NI Electricity said power was restored to 17,000 families across the region on Saturday.
However some of the hardest-hit parts of Co Antrim and Co Down are still being affected, as crews struggle to access faults amid treacherous conditions. Restoration efforts will continue into the night.
Sara McClintock from NIE said: "Our duty incident team, call agents and network engineers will be working through the night to respond to customers and prepare work for crews to start working again at first light. Additional linesmen from ESB in ROI have arrived throughout the day, re-enforcing the teams of lines staff on the ground."
Heavy snow and strong winds have led to the worst power cuts the region has seen in 15 years.
NI Water said the outages have also caused problems for a number of its pumping stations, leaving around 1,000 with supply disruption.
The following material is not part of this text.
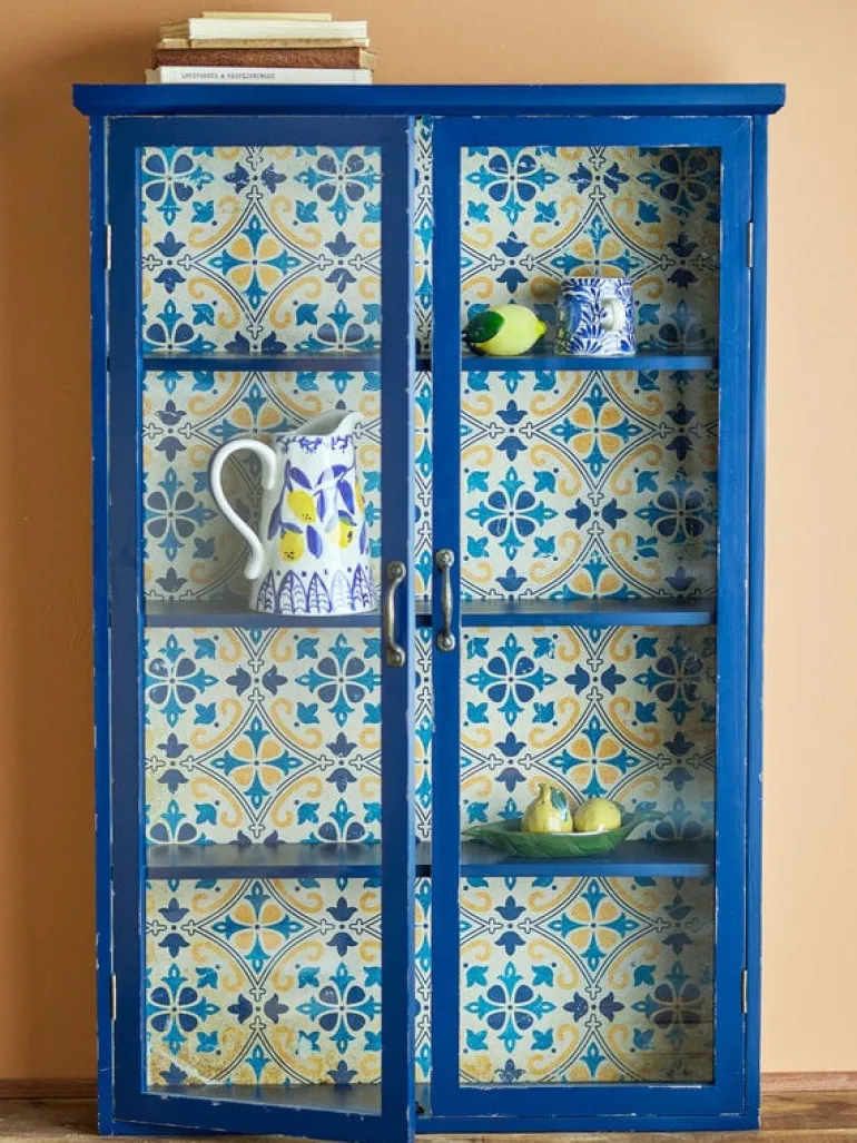 De Bloomingville Hazem kast is een karaktervolle kast. De kast heeft een elegante, verweerde afwerking die een vintage look toevoegt. De achterkant van de kast is versierd met een decoratieve papierprint geïnspireerd op Portugese tegels. 81x122x22cm

A statement said: "NI Water can report that as a result of the power outages, a number of our Water Pumping Stations are experiencing intermittent power interruptions which are impacting on water supplies to customers.
"A number of customers in southern parts of Co Antrim and Co Down may experience low pressure or interruptions to their water supplies as a result of these power interruptions."
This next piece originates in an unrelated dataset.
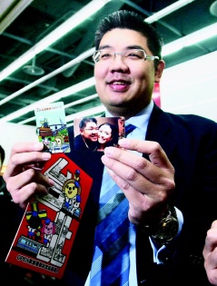 連戰(zhàn)長子、悠游卡公司董事長連勝文將請辭,圖為他出席icash悠游卡發(fā)卡儀式時,得意秀出私人訂制的與太太蔡依珊合照的悠游卡。資料圖片

A yellow warning for snow ended at 12am, however the Met Office has issued a yellow warning for ice running to 9am on Sunday. And with bitterly cold conditions remaining and strong easterly winds, widespread frost and icy stretches are expected overnight.
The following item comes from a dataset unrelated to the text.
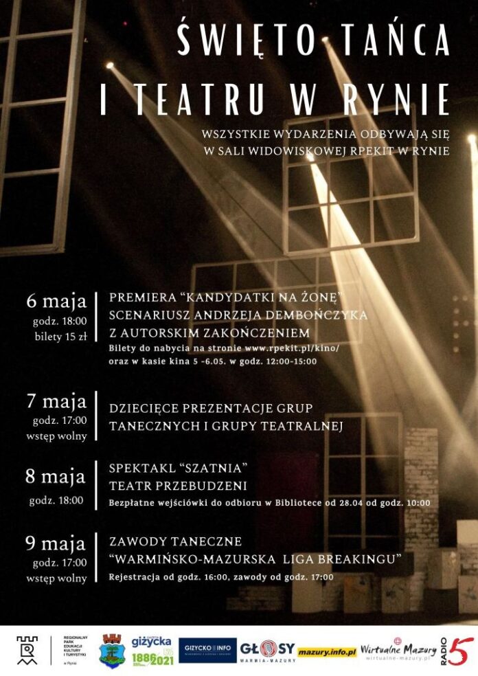 Regionalny Park Edukacji, Kultury i Turystyki w Rynie zaprasza na pierwszą edycję Święta Tańca i Teatru. Będą to 4 dni przepełnione emocjami, muzyką, tańcem, ruchem scenicznym i sztuką.

The Roads Service has urged drivers to exercise caution.
"Motorists are advised to exercise extreme caution especially when travelling on untreated roads and to avoid the high ground routes where possible," a spokesman said.
Road temperatures are forecast to fall below freezing overnight giving a high risk of ice especially on untreated roads.
The Roads Service said salting and snow clearance continued into the night to clear the network.
"Work is planned to continue throughout tomorrow," they said.
"Motorists are asked to consider their need to travel in these areas and only do so if absolutely necessary. They should ensure that they are fully prepared for the journey in the event that they become stuck in the snow."
Many roads across NI were closed on Saturday, including several in the north-east which were left impassable due to heavy drifting of snow.
Other routes were affected by fallen trees, flooding and stranded vehicles.
Part of the M2 motorway, between Sandyknowes and Templepatrick, was closed for a time to facilitate emergency repair works however it has now reopened.
There was also severe flooding in Rostrevor and Warrenpoint in Co Down on Friday.
Fire crews were called after several houses became inundated with water, and a car had to pushed from flood water on the Rostrevor Road when a 50-year-old woman became trapped.
Crews also rescued a 50-year-old man whose car stopped in flood water in Newtownards on Saturday, while a special NIFRS rescue team had to use a water sledge to rescue a 40-year-old man who got stranded between the River Bann and the canal outside Portadown.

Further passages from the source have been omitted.